In contrast, the brains of mammals think and remember by activating networks of neurons, or brain cells, which then activate and communicate with similar networks across the brain.
That’s what neuromorphic computers do as well, and Intel has just made one that does it even better than its predecessors.
Intel’s new “Loihi” chip holds a million artificial neurons, six times more than the company’s previous most densely populated version, on a silicon wafer the size of a small fingernail.
Those million digital neurons are linked to each other through 120 million connections.

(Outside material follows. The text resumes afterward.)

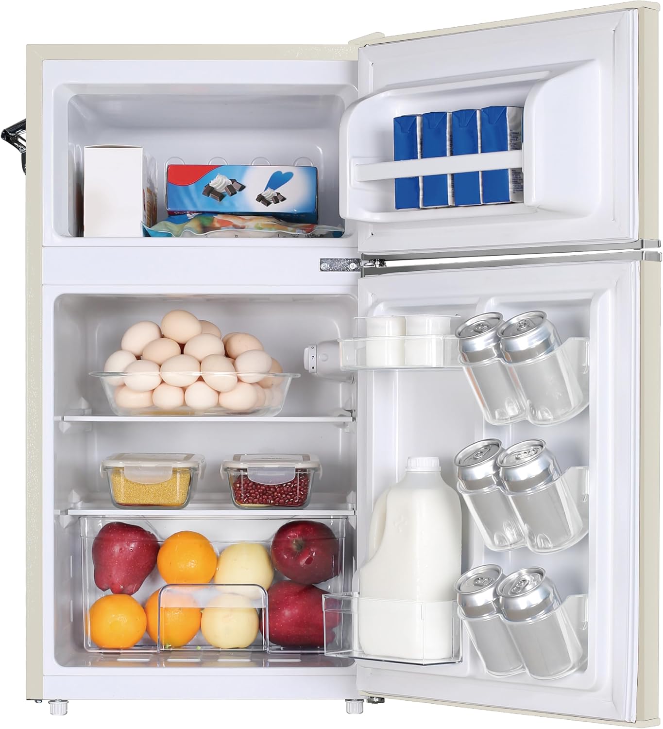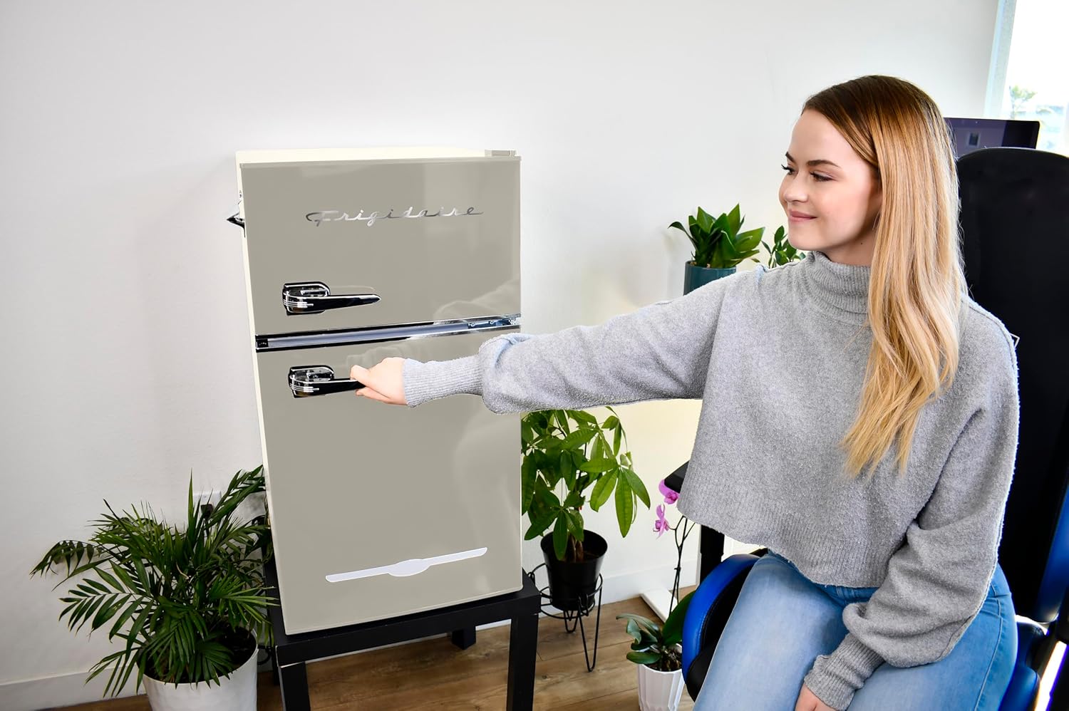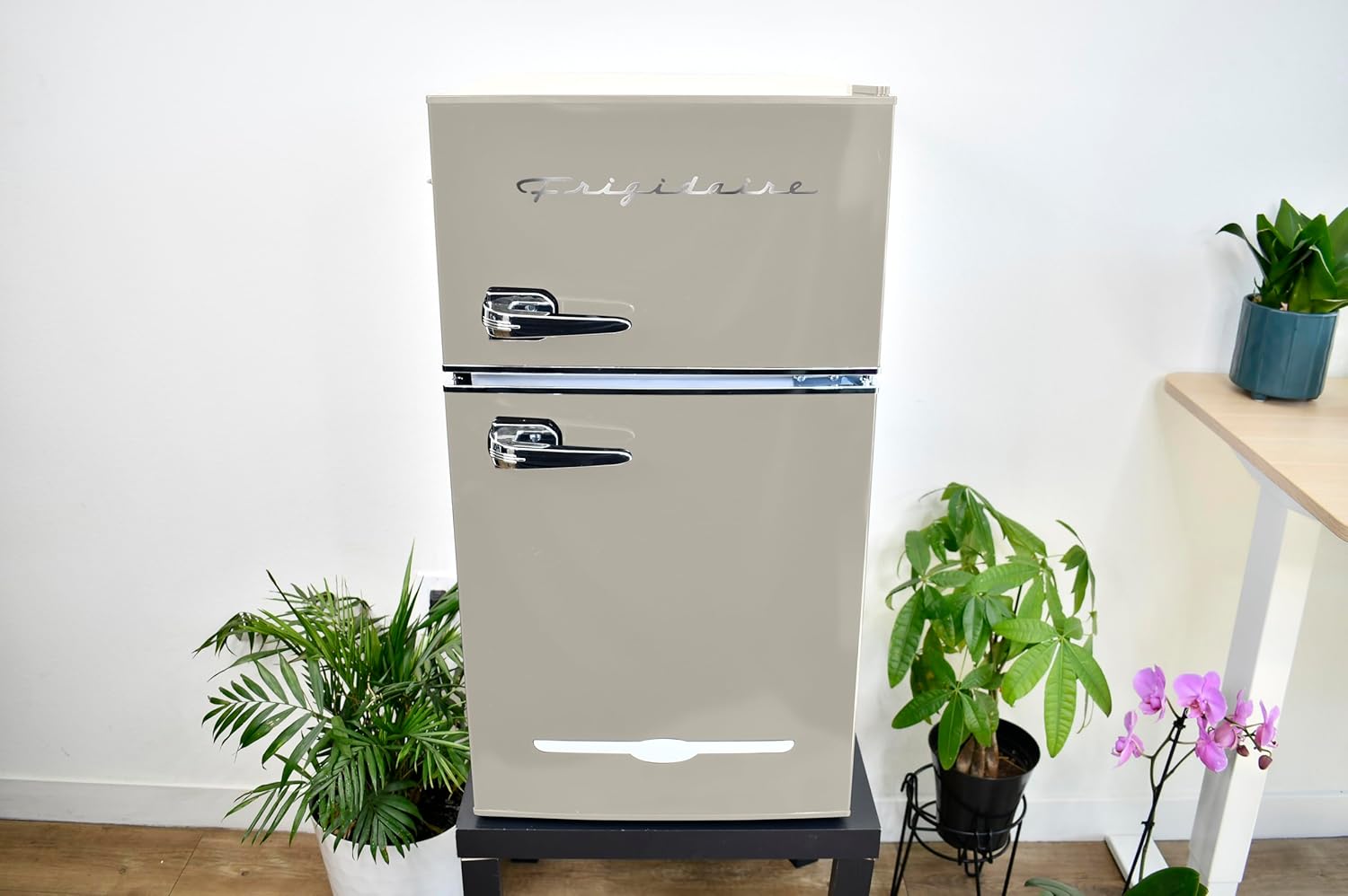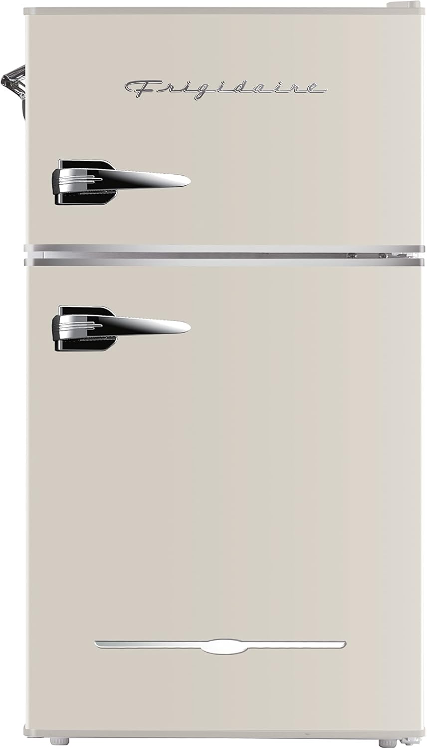 Frigidaire EFR840-Cream EFR840 Retro Mini Fridge with Freezer & Side Bottle Opener-Small 2 Door Refrigerator for Office Bar or College Dorm Room-3.1 Cu Ft – 19””D x 20.5″ W x 33.5″ H (Cream)

That leap in capacity is crucial in developing the electronic brains that eventually will enable robots to see and navigate autonomously through their surroundings, touch, and even smell.

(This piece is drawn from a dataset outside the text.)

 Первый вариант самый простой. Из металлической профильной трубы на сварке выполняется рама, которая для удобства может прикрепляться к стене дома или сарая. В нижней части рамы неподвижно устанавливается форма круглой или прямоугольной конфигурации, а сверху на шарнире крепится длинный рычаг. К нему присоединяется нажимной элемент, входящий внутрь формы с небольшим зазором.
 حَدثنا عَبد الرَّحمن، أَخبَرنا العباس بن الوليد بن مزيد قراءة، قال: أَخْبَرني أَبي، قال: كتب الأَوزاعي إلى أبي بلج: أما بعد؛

For example, Intel’s engineers trained a first-generation Loihi chip to detect the odors of 10 hazardous chemicals, such as acetone and ammonia, in a stew of compounds.

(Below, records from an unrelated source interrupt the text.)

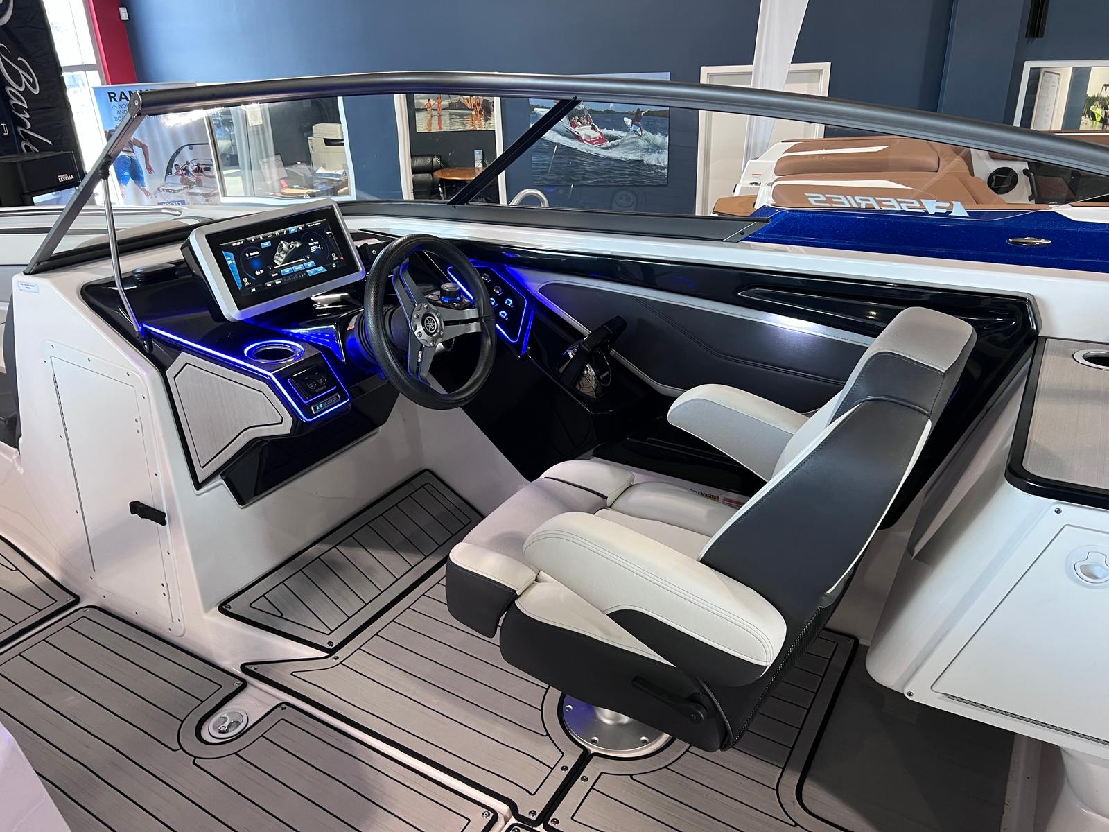 The Yamaha 252 SE is packed with features designed to enhance your time on the water. Its 24.5-foot length provides ample space for family and friends, while the thoughtfully designed layout ensures comfort and convenience throughout the boat. The spacious cockpit is perfect for socializing, with comfortable seating and easy access to all areas of the boat. The helm is equipped with intuitive controls and clear instrumentation, making it easy to monitor performance and navigate with confidence.Special features of the 252 SE include advanced jet propulsion technology, which not only delivers impressive speed and agility but also enhances safety by eliminating exposed propellers. This makes the Yamaha 252 SE an ideal choice for families with children or anyone who values peace of mind on the water. The boat’s modern styling, premium materials, and attention to detail are evident in every aspect of its design, from the sleek exterior to the comfortable interior spaces.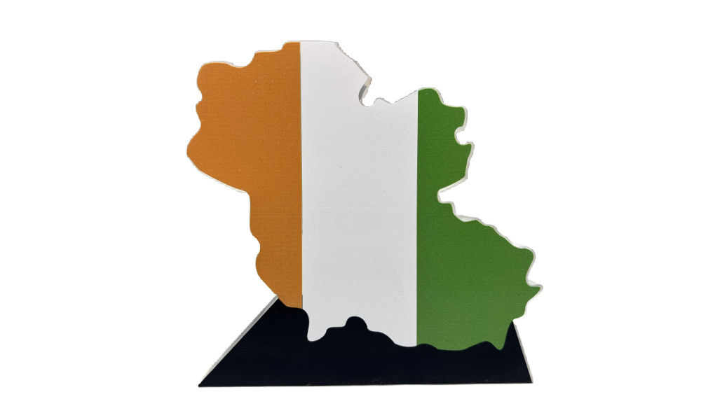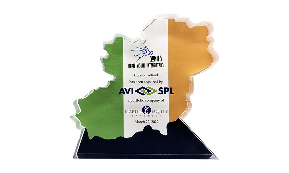 Crystal deal tombstone, cut in the shape of Ireland, marking the acquisition of Dublin-based audio-visual firm Sonics. (22AKL177)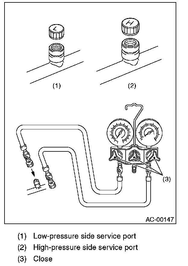 3. Make sure the valves on low/high pressure sides of manifold gauge set are fully closed.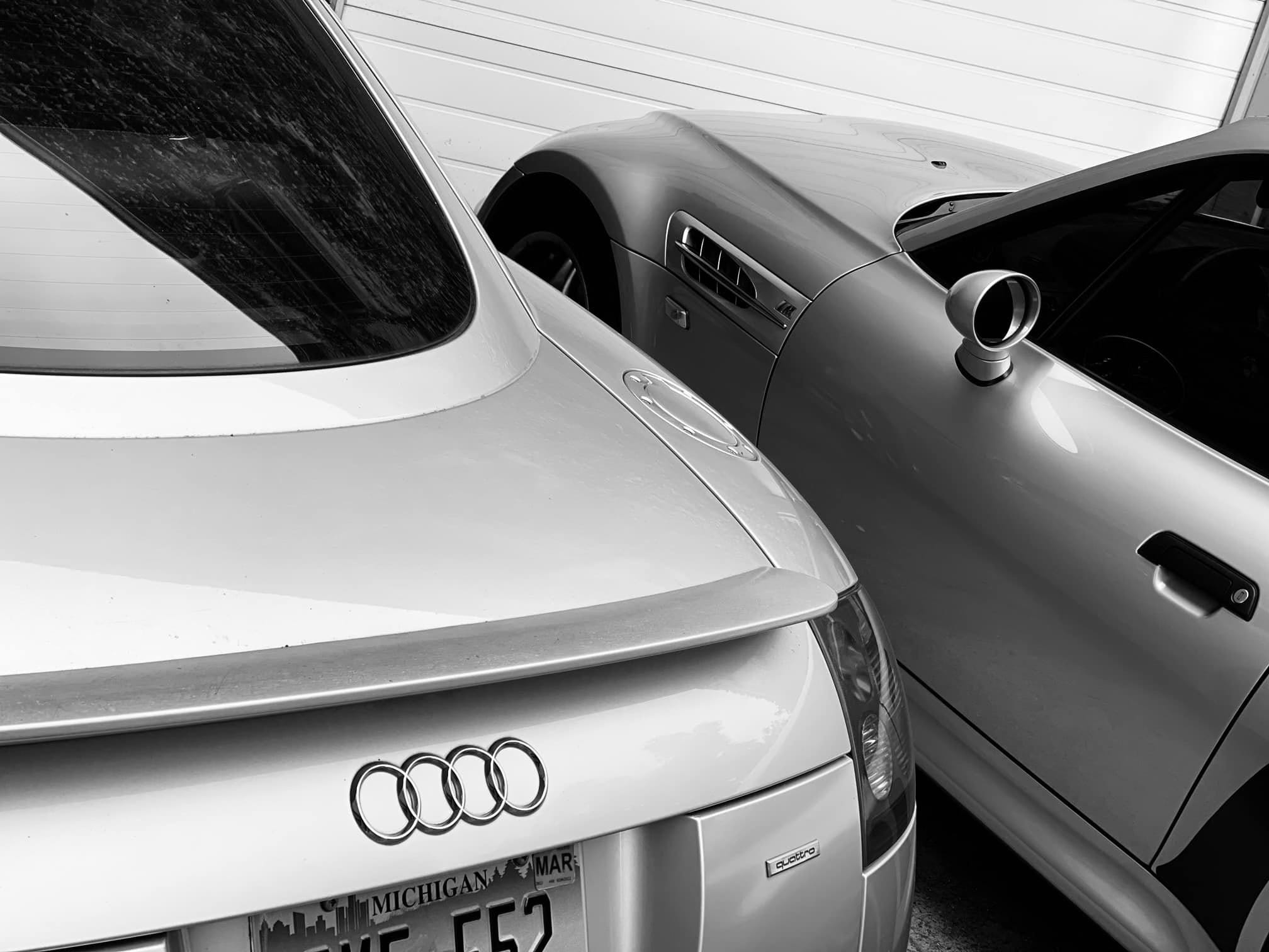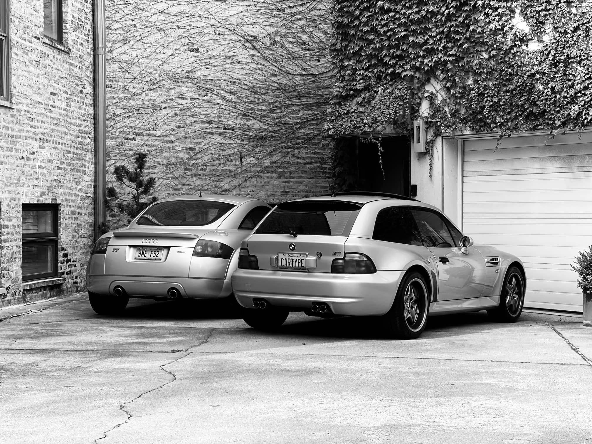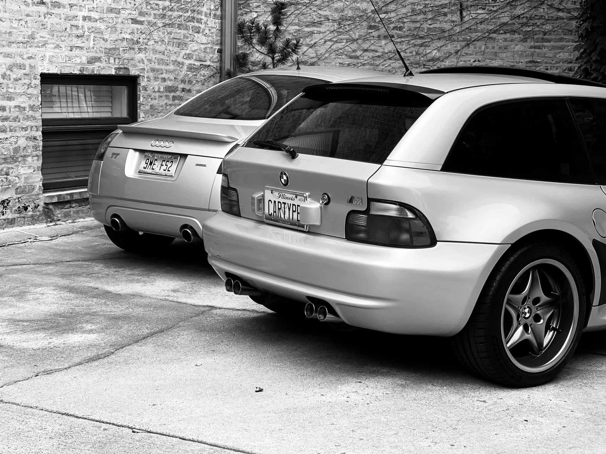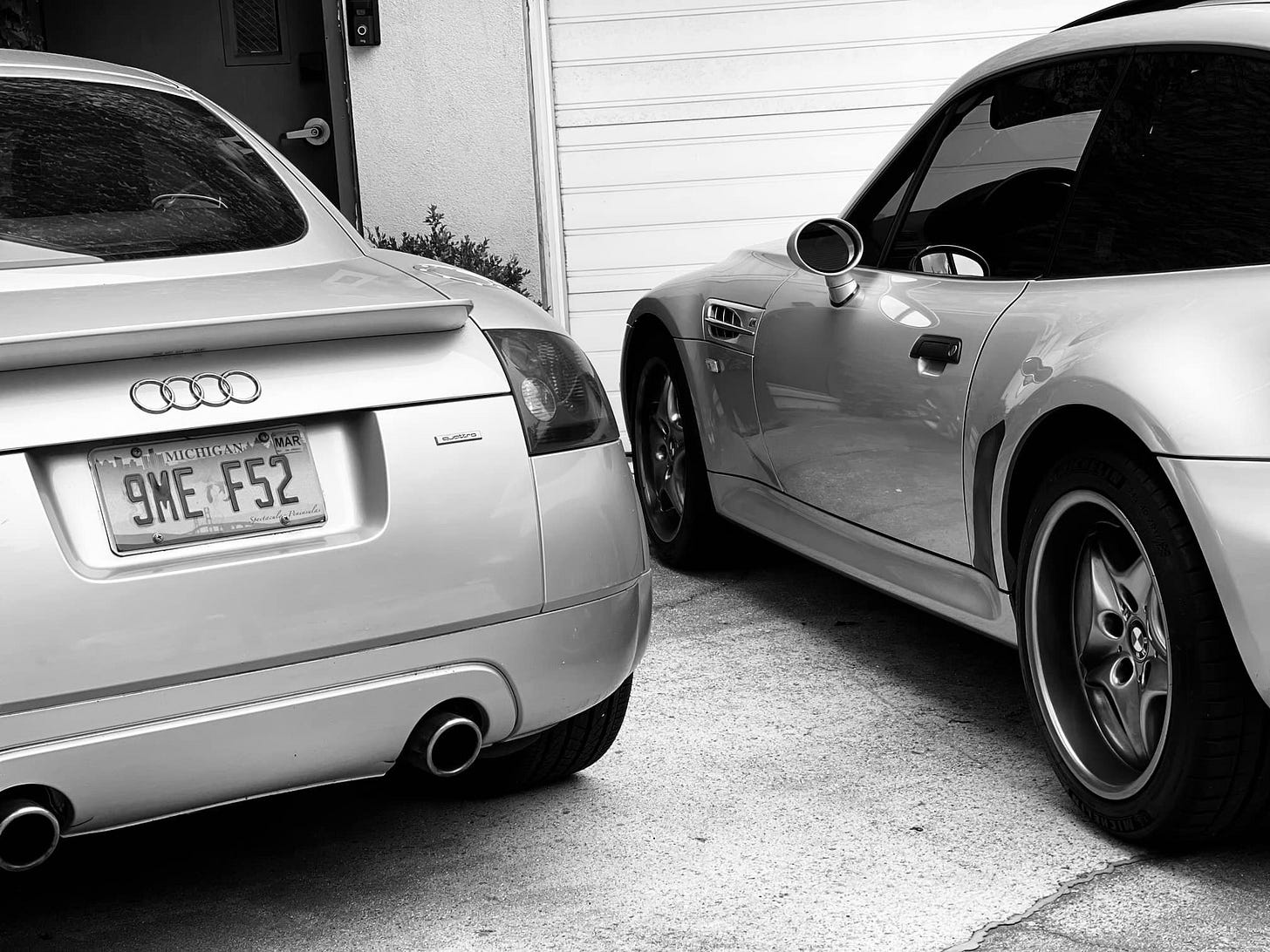 Here is a 2001 BMW M coupe (lovingly known as the “Clownshoe”) and a 2001 Audi TT 225 Quattro Coupe, both with manual transmission.

The chip was able to correctly identify each scent after only one exposure; conventional machine learning would have required a computer to be shown 3,000 samples before gaining a perfect score, the research team calculated.
At Los Alamos National Laboratory, scientists tested Loihi’s ability to learn from its mistakes as it figured out how to identify a set of handwritten numerals. The chip accomplished the task as quickly as an artificial intelligence program but used only one-hundredth of the AI’s needed power to do so.
Neuromorphic chips from BrainChip, Intel, Synsense, and others also might help scientists gain insight into the workings of the brain; unlike artificial intelligence, neuromorphic chips make visible their electronic patterns of thought and perception, enabling scientists to record the flow and pattern of signals.
TRENDPOST: Neuromorphic computing progress is gaining speed. In a new paper, Samsung engineers, working with researchers at Harvard University, have suggested a way to record electronic patterns in human brains and “paste” them directly into neuromorphic chips.
While the chips would not become self-aware, they could faithfully mimic human brain patterns, such as the ways in which sight or sound is processed.
TREND FORECAST: Clusters of neuromorphic chips will make up the brains of new generations of autonomous robots, allowing them to see, hear, smell, touch, and process at speeds approaching that of the human brain, making those robots seem more like living beings instead of machines.